Figure 13 Attention of SE and CBAM.

This research can be considered as a special image classification problem technically. In the field of image classification, there are already excellent classic models such as AlexNet, VGGNet, and ResNet. In the dataset of behavior recognition of Japanese mackerel fishing boats, the model we designed is more targeted and achieves better recognition results. The comparison data between the classical model and our model are shown in Table 5.

TABLE 5

Table 5 Comparison of accuracy and efficiency of the models.

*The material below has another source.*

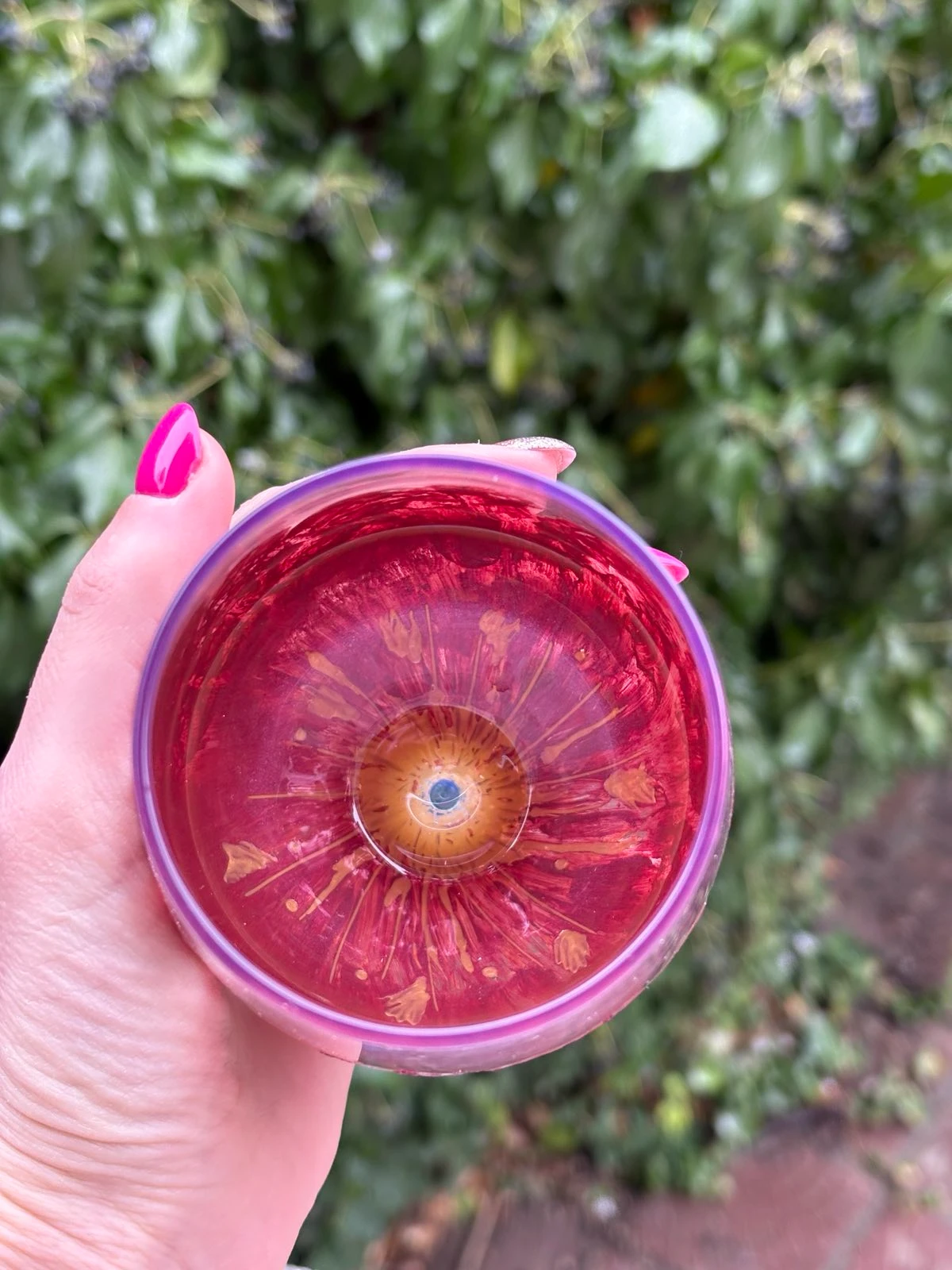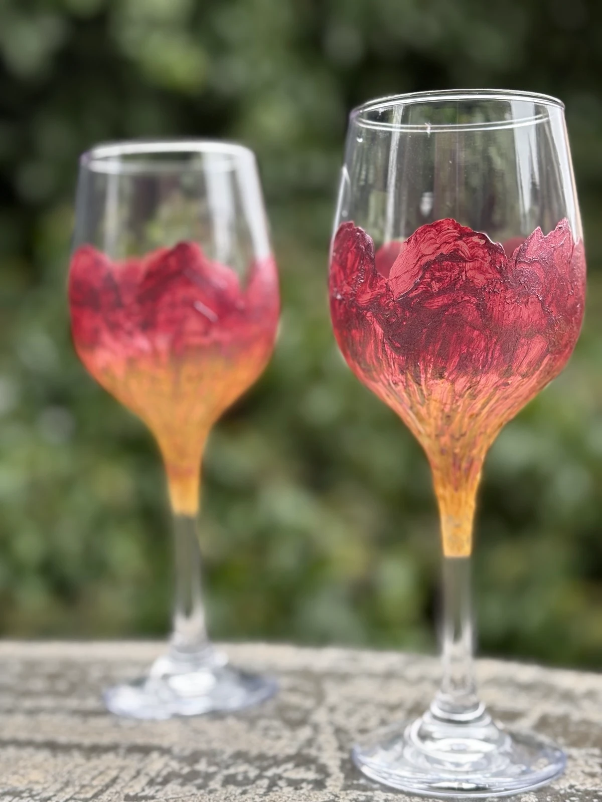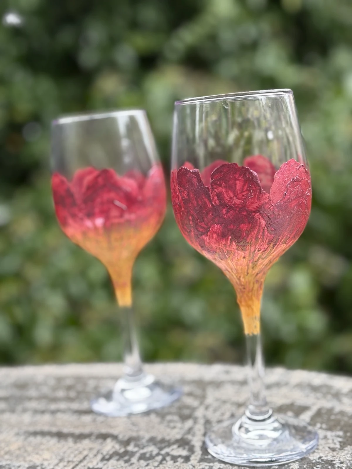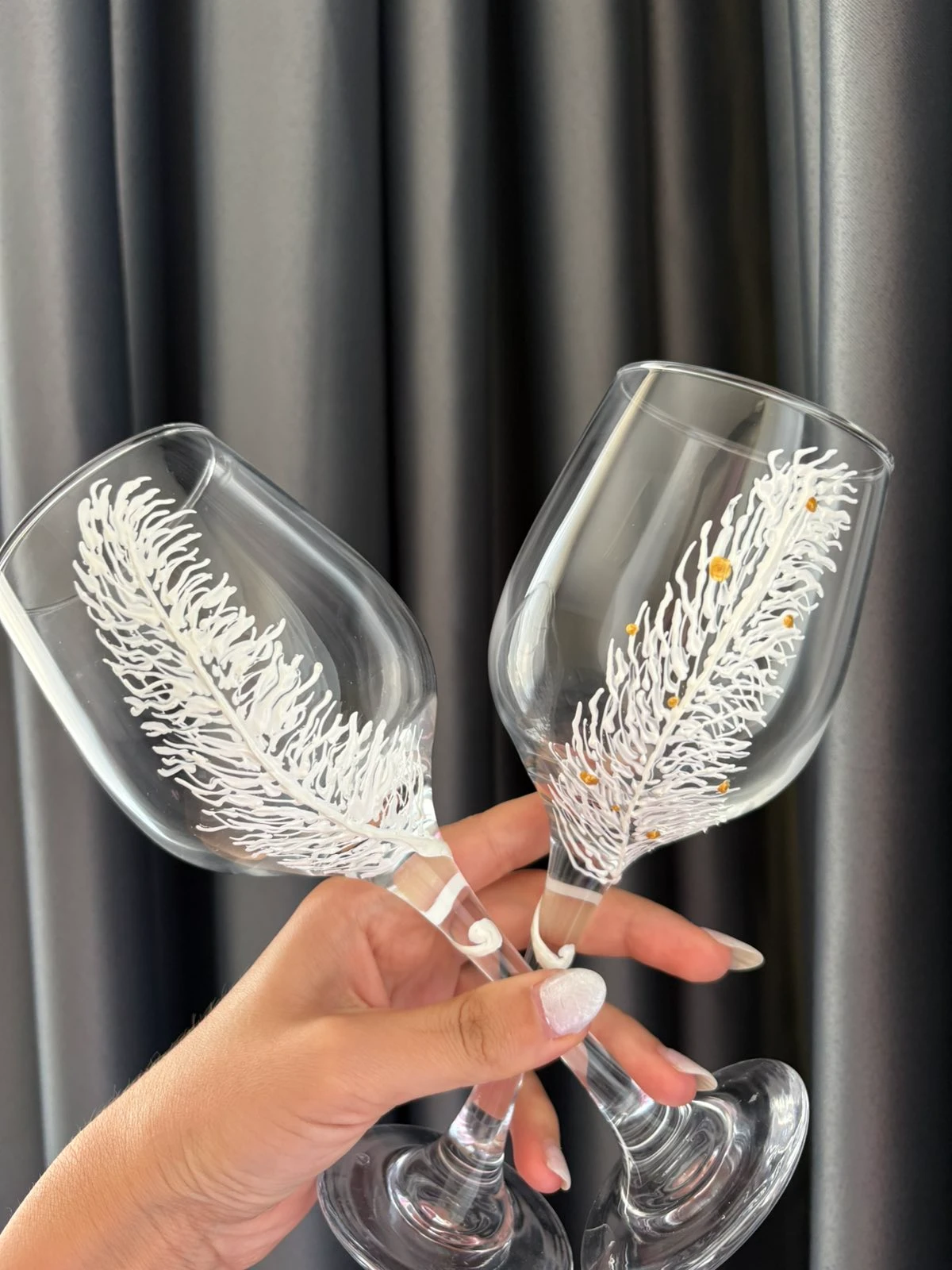 Чашите са изработени със специална серия боя и са много артистични с релефна повърхност и голд контур по стъблата. Придобиват формата на цъфнало цвете от вътрешната страна и са много интересни и изненадващи.

In Table 5, Ours refers to the Group 5 with the best performance in the ablation test. Table 5 shows that among Res Net, VGG Net, Alex Net, and our model, our model performs best in F1 score, Params, and FLOPs. The FPS (Frames per second) in the table is the average detection efficiency of 10 detections on the test set. Although the FPS value of our model detection efficiency is slightly lower than that of ResNet, the detection efficiency of 187.58 has exceeded the FPS of the video (25), so the detection efficiency of our model can meet the real-time requirements.

4 Discuss

This research mainly studied the feasibility of applying a convolutional neural network in the behavior recognition of Chub mackerel fishing vessels by using the data of the vessel’s electronic monitoring system. The number of convolutional layers, pooling layers, LSTM module, SE module, CBAM module, and other factors (and different combinations of each factor) are compared to the recognition effect of vessel behaviors and the impact of the model’s size. The experimental results showed that the number of convolutional layers could significantly impact the recognition effect and the magnitude of the network. With the increase in the number of convolutional layers, the volume of the network also increases significantly, and within a specific range, the recognition effect is also considerably improved. However, the improvement of the recognition effect is not linear. After the recognition effect is saturated, the increase of the number of convolutional layers can no longer improve the recognition effect and may even reduce the recognition effect. The purpose of adding the pooling layer is to reduce the magnitude of the network. After adding the pooling layer, the size of the network model is indeed significantly reduced. Still, the addition of a single pooling layer has a negative impact on the recognition effect in a certain extent. It is for this reason that pooling layers have been used less and less in mainstream neural networks in recent years (Springenberg et al., 2014). In data sets with time-series features (100-frame sample data set and optimized 5-frame sample data set), the LSTM module has a relatively pronounced improvement effect. Moreover, the addition of the LSTM module will only increase the size of the network model by a small margin. Relative to this slight increase, the positive impact of the LSTM module on the recognition performance is quite apparent. SE module and CBAM module are two of the most widespread attention mechanism modules due to their powerful optimization effect and portability. The addition of these two modules had a particularly positive impact on the recognition effect.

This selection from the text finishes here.